3. What can data in the data?
Does all companies need to build data? First we know that the company introduces a technology or product, it is not “fashionable”, is not “high-tech”, but whether it is suitable for the company’s current development, can improve the company’s profits and reduce the company’s cost.
First, the role of the data in the data is through the description of the middle stations and data, and summarizes the following 2 points:
Provide data products and data services, including, but not limited to, decision-making support tools (such as business reports, large-screen data visual display); data analysis classes (BI business intelligence, machine learning model, data mining); data search (log analysis), etc. Improve the data connectivity of the various departments of the enterprise and avoid the production of data islands.
According to the above mentioned two advantages of the data, whether a business is built in the Taiwan Taiwan, or it is also a company to build a data in the beginning from zero to one. The author has a few summary:
First, it is directed to different industries. Although traditional enterprise digital reform is on the road, there are already many industries that have been reform, but for most traditional enterprises, don’t say data middle desk, the company has not arrived in the age of data warehouse, “Rome is not One day, “Those the financial resources of the construction of the construction data,” time cost is high, that is, for the business circulation model of traditional enterprises, the accepted level of enterprise employees is a difficult gap, and the data is unhappy. For traditional enterprises or Internet companies in the data warehouse era, the transition data can be tried because various departments have unfinitually meet their business support points to take the requirements, business statistics, and counting requirements.

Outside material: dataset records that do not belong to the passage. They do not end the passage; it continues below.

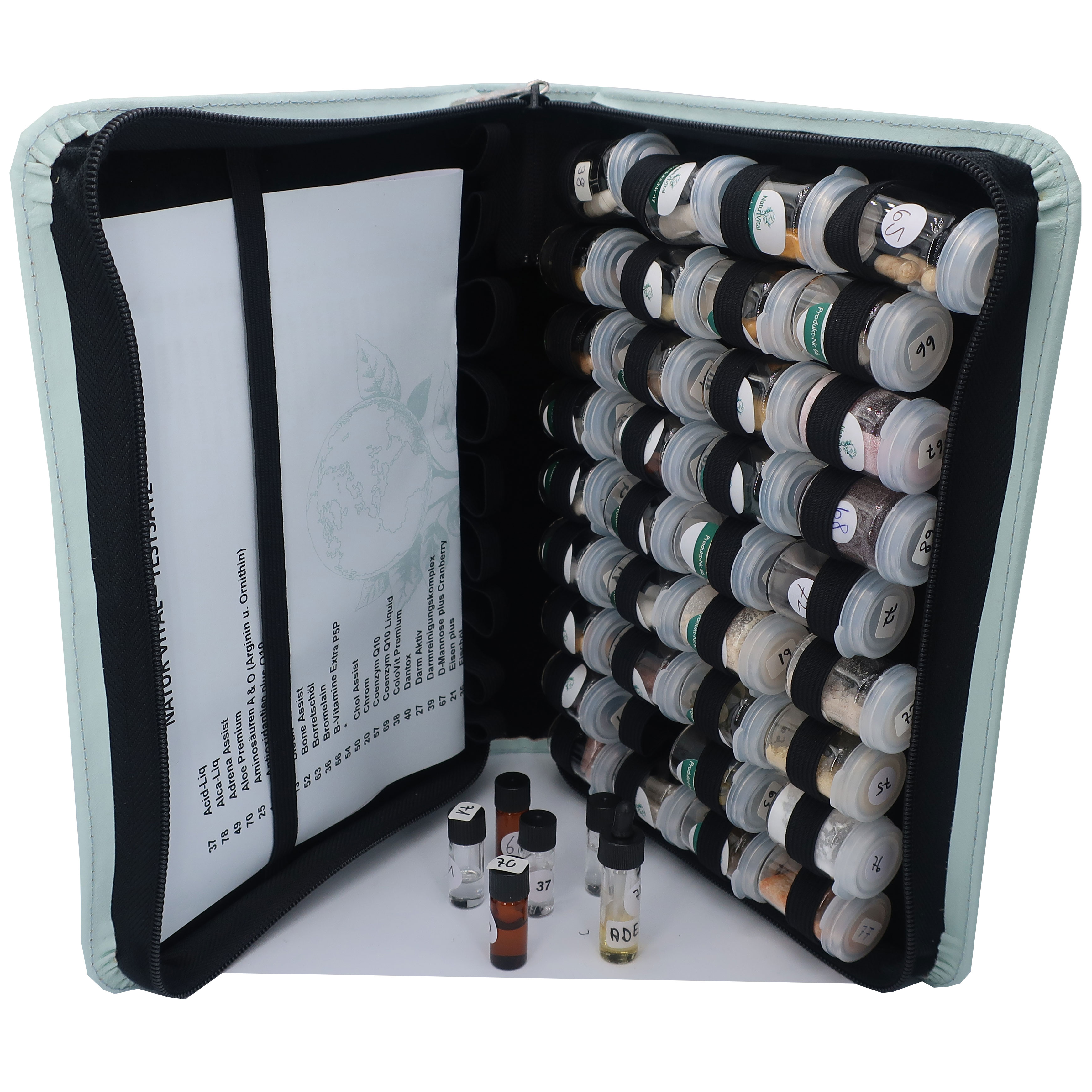 Deze basistestkit bevat kleine monsterhoeveelheden van alle Natur Vital producten voor energetische tests.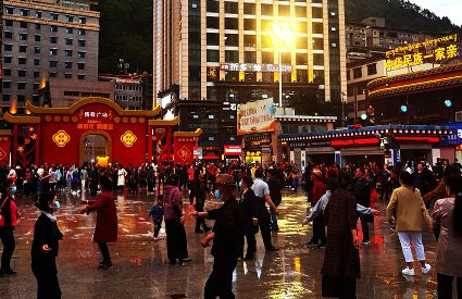 月光如水,飛珠濺玉的銀浪渲染滿天星辰,分不清人間天堂抑或是太虛幻境。閃爍的流光,如玉帶纏繞火樹銀花,明珠的光彩盡現(xiàn)川西高原情歌城。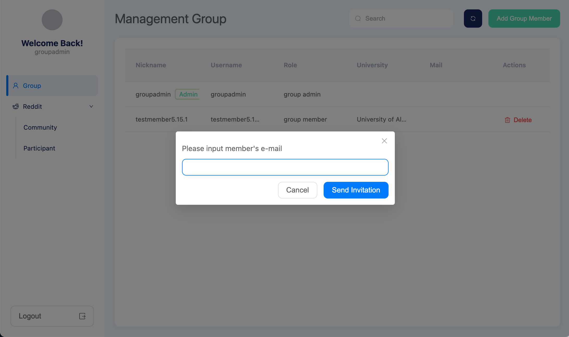 Super admin of platform init a management group with sending an invitation mail to group admin.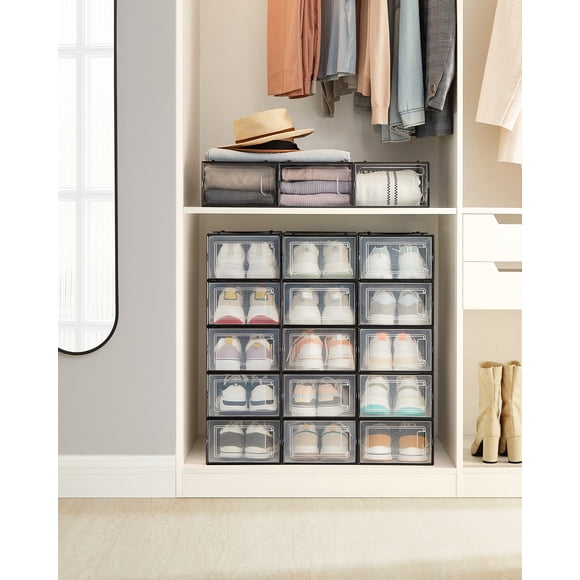 SONGMICS Cajas de Zapatos Plástico, Juego de 18 Organizadores de Almacenamiento, Caja Zapatero Plástico Plegable y Apilable para Zapatillas hasta talla 44, Transparente y NegroSONGMICS Sombrilla para Patio, Sombrilla de Mesa de Exterior de 2,75m, con 8 costillas, UPF 50+, Inclinación Doble de 30°, Base no Incluida, para Patio, Jardín, Piscina, Azul Lago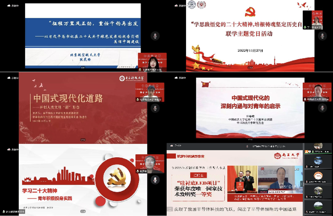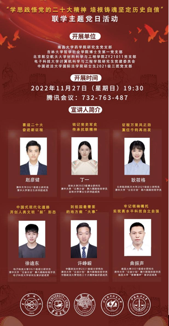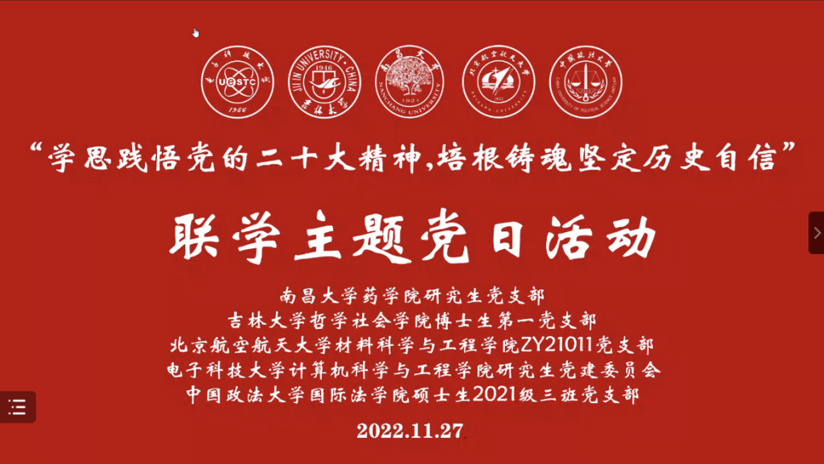 (通讯员:范锡财 耿筱格)为全面学习贯彻党的二十大精神,williamhill官方网站ZY21011党支部联合南昌大学药公司研究生党支部、吉林大学哲学社会公司博士生第一党支部、电子科技大学计算机科学与工程公司研究生党建委员会及中国政法大学国际法公司硕士生2021级三班党支部,于11月27日线上开展了“学思践悟党的二十大精神 培根铸魂坚定历史自信”联学主题党日活动。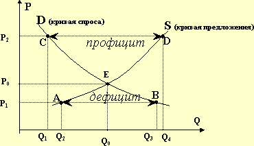 Из этого графика видно, что лишь при цене на исследуемый товар P=P0 планы как покупателей, так и продавцов оправдаются полностью: покупатели запланированным оптимальным образом удовлетворят свои потребности, а поставщики получат запланированную оптимальную прибыль. Если же на рынке в данный момент существует цена P1< P0, то это означает, что покупатели готовы купить товара в объеме Q3 (точка B на графике), тогда как продавцам выгодно поставить товара лишь в количестве Q2<Q3 (точка A на графике) – таким образом, при такой цене часть спроса останется непокрытой предложением, то есть возникнет ситуация избыточного спроса (т.е. дефицита данного товара на рынке в количестве Q3-Q2). Соответственно, если на рынке в данный момент существует цена P2>P0, то это означает, что покупатели готовы купить товара в объеме Q1 (точка C на графике), тогда как продавцам выгодно поставить товара лишь в количестве Q4>Q1 (точка D на графике) – таким образом, при такой цене часть предложения останется непокрытой спросом, то есть возникнет ситуация избыточного предложения (т.е. профицита, излишка данного товара на рынке в количестве Q4-Q1).

For beginner enterprises, the business line is still constantly changing, and when they are constantly trying to do, there is no ability to build the data in the data. In other words, it is “the most important thing to go home”.
Third, small knot
This article describes the differences and links between databases, data warehouses, data lakes, and data lakes in this article.
About the data says that data is new oil resources, and the state also uses data as a new type of production factor and is columns to traditional production factors.

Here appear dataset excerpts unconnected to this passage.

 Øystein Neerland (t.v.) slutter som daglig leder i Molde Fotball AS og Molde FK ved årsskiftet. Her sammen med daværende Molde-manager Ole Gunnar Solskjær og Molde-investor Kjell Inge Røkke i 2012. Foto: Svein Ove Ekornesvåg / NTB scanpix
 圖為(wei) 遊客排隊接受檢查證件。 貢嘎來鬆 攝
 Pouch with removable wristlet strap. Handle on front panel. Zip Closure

I used to work in the pan-Internet and traditional enterprises. For various reasons, the data of traditional enterprises is not smooth compared to dataization in the pan-Internet industry. In August 2020, the State-owned Assets Supervision Commission of the State Council triggered the “Notice on Accelerating the Digital Transformation of State – owned Enterprises” showed that the digital transformation of all state companies will become inevitable, how to help traditional enterprises to digitally transform, using data to drive traditional industries new vitality For data manufacturers, especially for TOB data, the data manager will be challenges and opportunities.
The author will continue to work with everyone to share the articles related to other data products.